The Court finds such an unsupported and undocumented estimation insufficient. The Treasury Regulations clearly require a more detailed record of business purpose, dates, destinations, and expenses other than what has been provided by Defendant. See 26 C.F.R. § 1.274-5T(b)-(d). His mere testimony that he used his vehicle in the ordinary and necessary course of business, even more specifically to pick up supplies, meet or entertain tenants, or other activities, is not sufficient. Similarly, estimations of personal versus business use, even if over-estimated, are not sufficient without adequate substantiation. Moreover, while Defendant admits to using the vehicles for personal use, he seeks to deduct all expenses such as repairs, insurance and registration without prorating those expenses based on his percentage of business use. See Sylvester v. Commissioner, 923 F.2d 863, 866 (9th Cir. 1991) (Table).

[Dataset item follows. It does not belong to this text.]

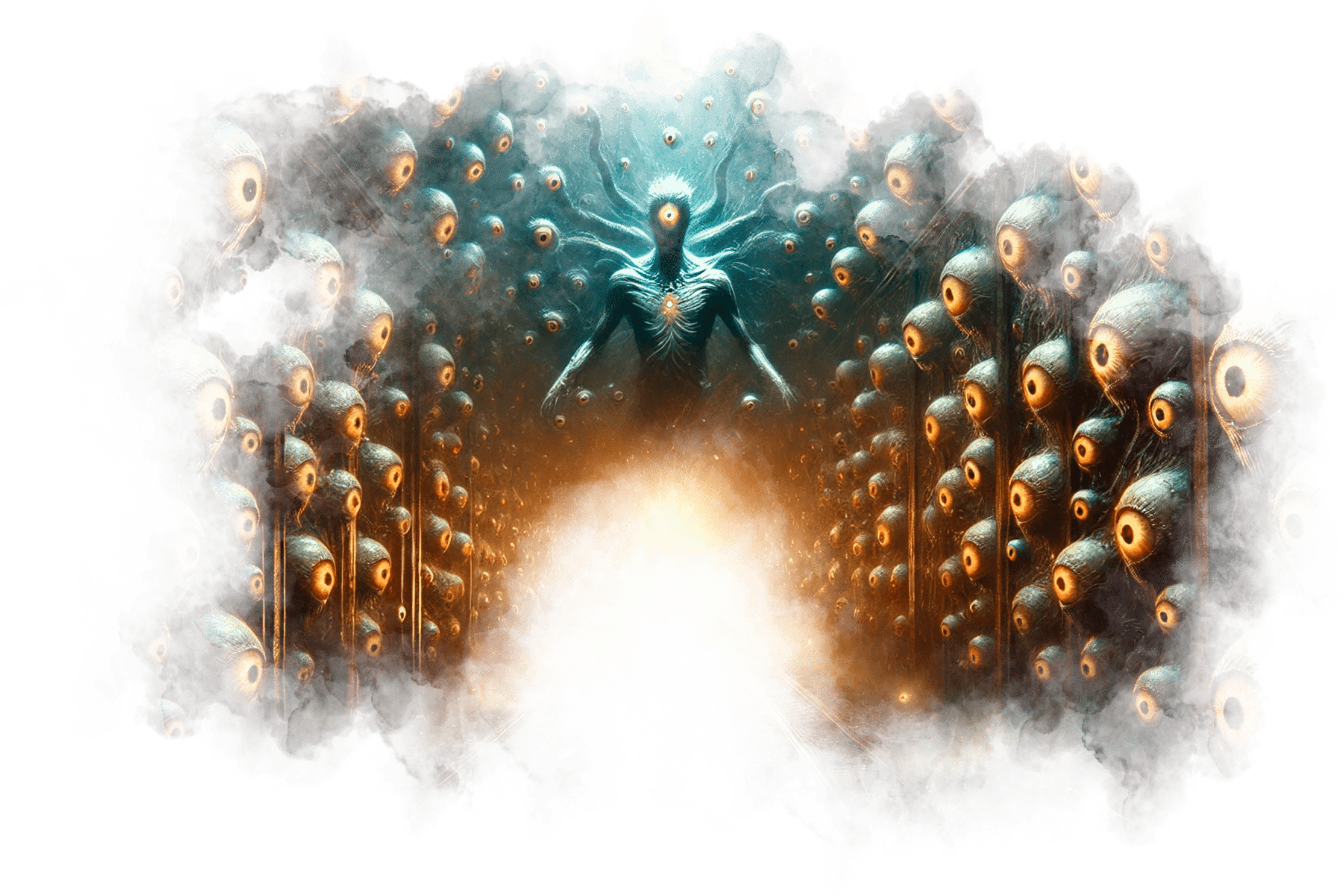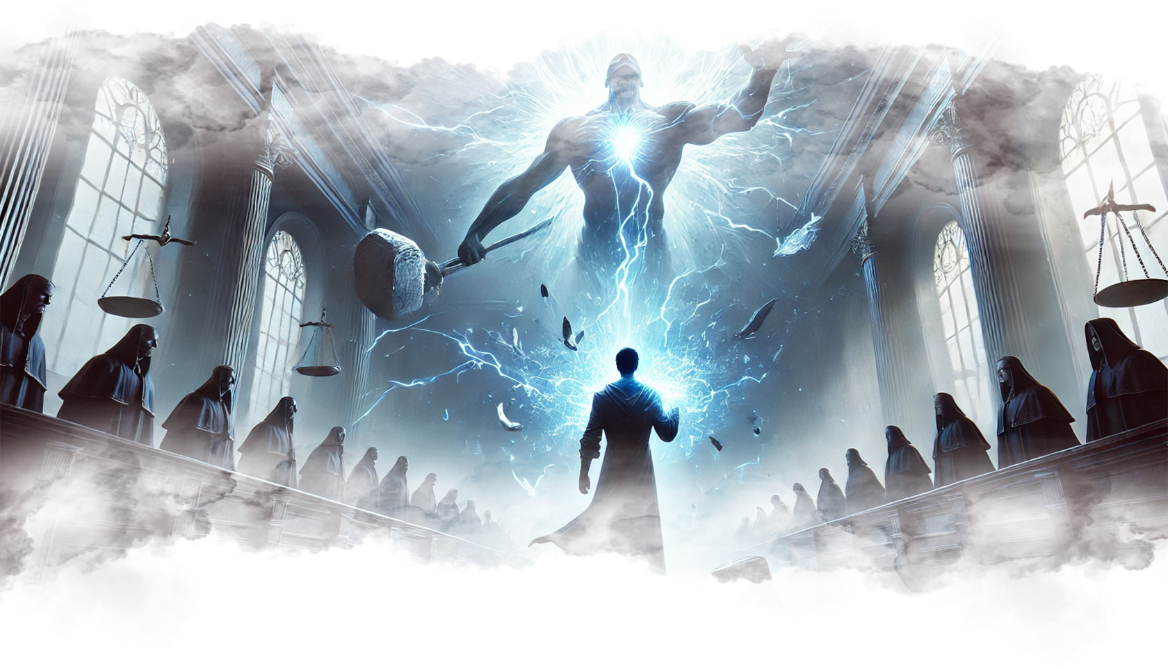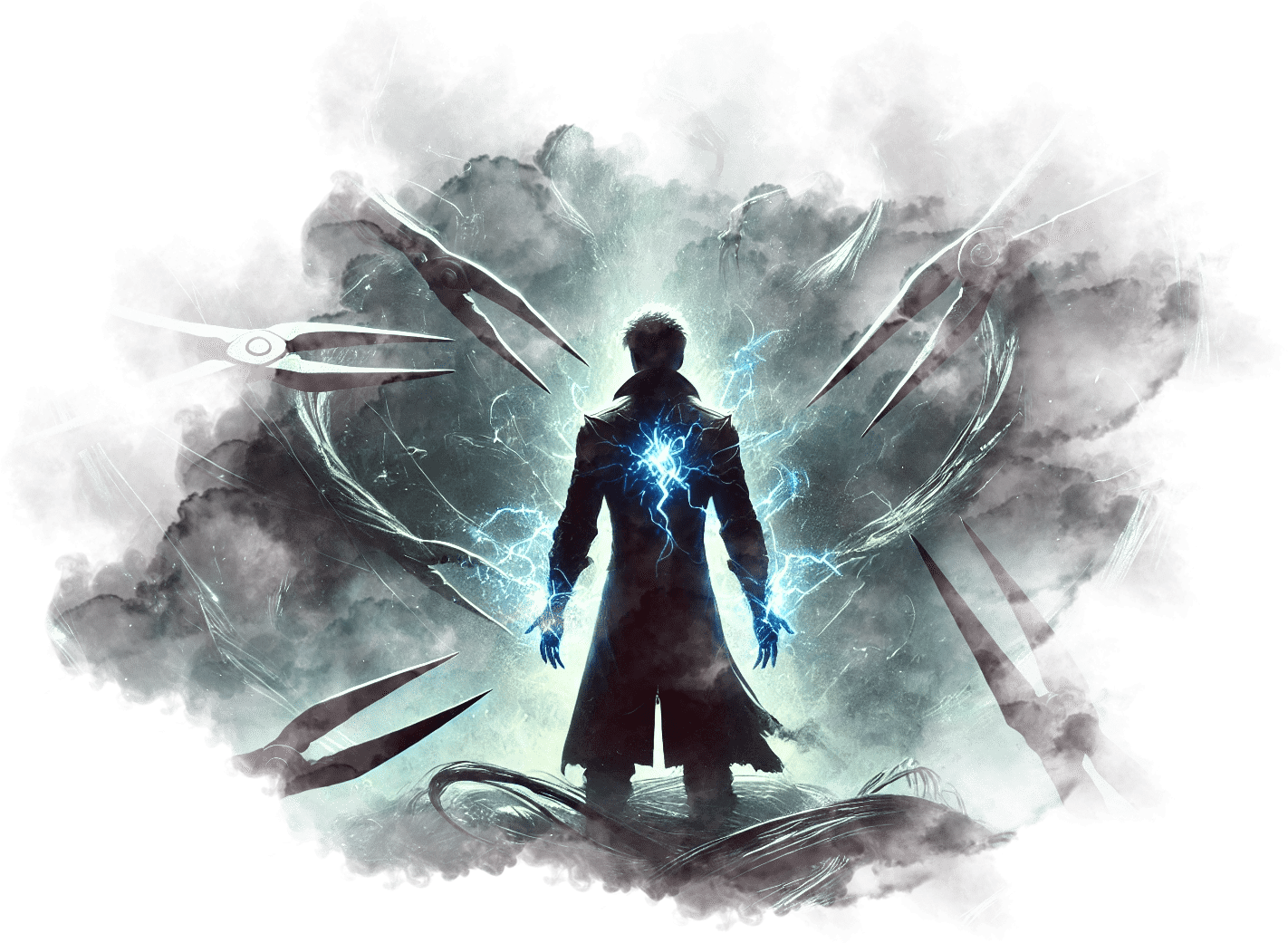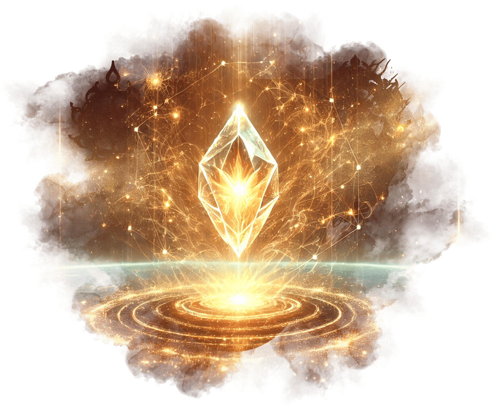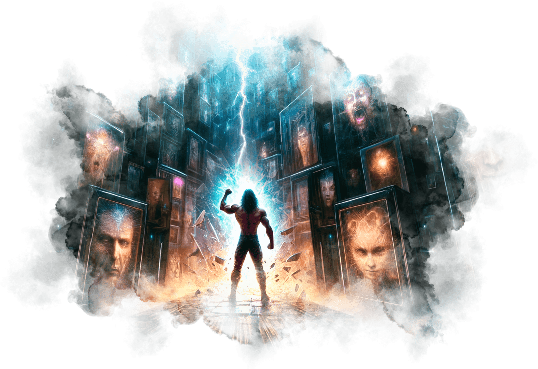 В его руках — Сфера Осознания, пульсирующая светом знания.

Defendant also admits that he has no mileage records for the 1990, 1991 and 1993 tax years because his car was stolen and such documents were allegedly lost. Instead, he uses reconstruction of mileage charts not provided during discovery and subject to the United States' motion to strike. Thus, because the Court grants the United States' motion to strike these documents, there is insufficient evidence to defeat summary judgment as it pertains to mileage expenses for 1990, 1991, and 1993. However, even without striking the documents, the Court finds no genuine issue of material fact that the United States properly disallowed these deductions given that Defendant has not sufficiently established business versus personal use. Thus, the Court GRANTS the United States' motion for summary judgment to the extent it pertains to the disallowance of all expenses associated with Defendants' automobiles and their use.

To reiterate, these reconstructions specifically state that they were created in 2010 and "at variance with the amount claimed." ( See Helms Decl. Ex. L at 2450; Ex. M at 2461; Ex. O at 2476.) Defendant concedes that they were never produced to the United States but are merely an "attempt to refine and to assist in reconstructing the significance of the data following it." ( See Opp. to Mot. to Strike at 4.) The Court finds this improper and that such reconstruction documents should be stricken.

3. Interest

The IRS also disallowed all claims of interest paid on Defendant's purported business loans. Defendant testified that he understood deductions are not allowed for interest paid on personal loans, but that he relied on his memory to determine whether the loans were for business or were personal. ( See Castaldi Decl. Ex. 2 (Helms Depo.) at 159:4-11.) Thus, because Defendant could not substantiate which loans were for business purposes, the IRS disallowed all interest deductions. The Court agrees with this assessment.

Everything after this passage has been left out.